VPN session established but cannot access trusted LAN segment on

bernardkwok73 · ‎10-09-2012

Just a roundup of my Cisco ASA configuration...

1) Configure remote access IPSec VPN

2) Group Policies - vpntesting

3) AES256 SHA DH group 5

4) Configure local user vpntesting

5) Configure dhcp pool - 10.27.165.2 to 10.27.165.128 mask /24

6) open access on outside interface

7) IKE group - vpntesting

A) Did I miss anything?

B) For example, there is a LAN segment - 10.27.40.x/24 on the trusted leg of the Cisco ASA but I can't access it.
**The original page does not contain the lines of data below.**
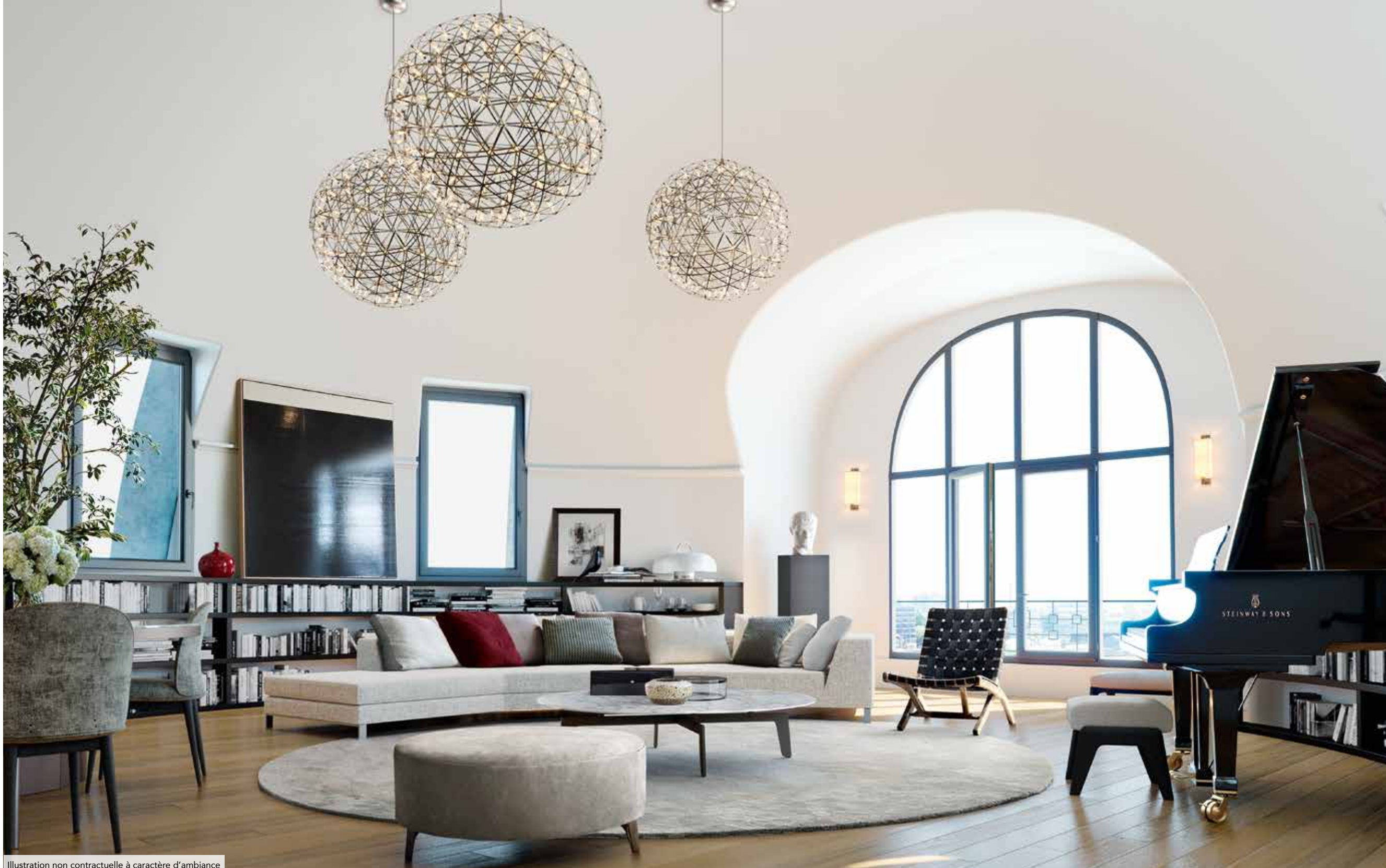
Illustration non contractuelle à caractère d'ambiance
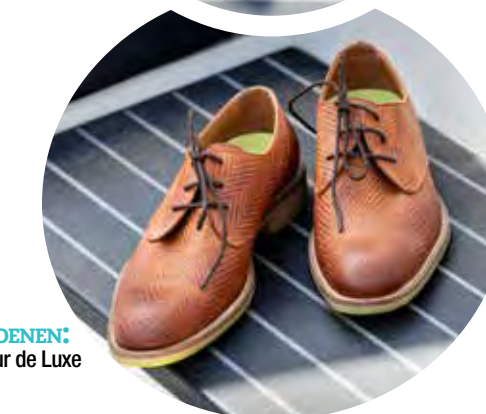
SCHOENEN: Cycleur de Luxe € 145
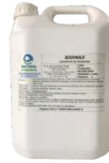
PRODUTOS QUÍMICOS E BIOLÓGICOS
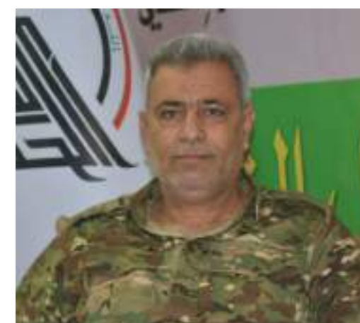
المجاهد السيد علي الحسيني/ الناطق الرسمي لهيئة الحشد الشعبي/ محور الشمال:

بالمعروف أن فرقة العباس القتالية كانت السبب في تحرير مناطق في تحرير مناطق العراق، وقد وهب العديد من أبناء هذه الفرقة الجهادية أنفسهم فداءً لنصرة الدين والوطن وسقط منهم كوكبة من الشهداء في معركة تحرير قرية البشير والمناطق المجاورة لها. تحدث لنا عن ذلك.
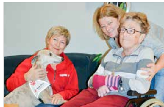
Besøkshund på helsehuset
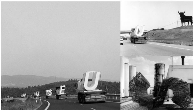
Imagen 1. Traslado de cinco letras de grandes dimensiones desde Madrid hasta el Museo de Bellas Artes de Castellón por los arquitectos mansilla y Tuñón en julio de 1999.

Para comprender un poco mas sobre la Arquigrafía se realizó un análisis de los diferentes medios en la que esta es aplicada, también se adjuntaron imágenes las cuales explican de forma clara y concisa como se puede utilizar en los diferentes medios.
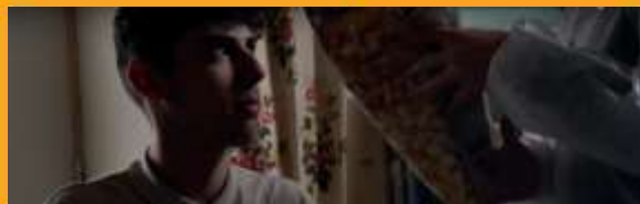
2ème Prix 2022 / Parce que je n'ai plus peur / Lycée Victor Duruy BAGNÈRES
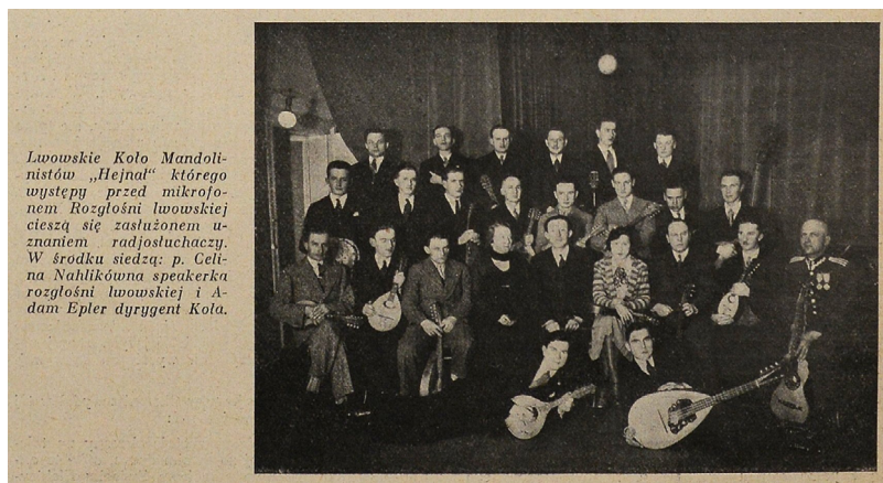
Ilustracja 3. Radiowe zdjęcie „Hejnału” z 1931 roku.

zainauguowało swoją działalność 15 stycznia 1930 roku 31 , a już 17 maja 1931 roku w czasopiśmie „Radio” ukazało się zdjęcie orkiestry wraz z podpisem: „Lwowskie Koło Mandolinistów »Hejnał« którego występy przed mikrofonem Rozgłośni lwowskiej cieszą się zasłużonym uznaniem radiosłuchaczy” 32 .

Do I need to create access lists to allow my VPN session to access the trust LANs?

C) Any good guide for configuring remote access VPN using ASDM?

Harish Balakrishnan · ‎10-09-2012

Hello Bernard,

U have listed all man :).. just a thing.. did you create the split tunnel and specified the network which VPN wants to access and also.. if you have a nat configured for internet access, for your lan , then you need to have a 'no nat ' configured

for this VPN communication..

please post your config so that, i can help you out if there some other playing a role

Harish,

shuja.najmee · ‎10-12-2012

I have couple of issues with my EasyVPN server and Cisco VPN Client on Win7.

1: Sometimes, clients are connected, connection shows established but no traffic or pings can be made to corp network. I might have to do with NAT settings to except VPN traffic from being NATed.

2: VPN Clients don't pick the same IP address from local address pool even though I specified "RECYLE" option.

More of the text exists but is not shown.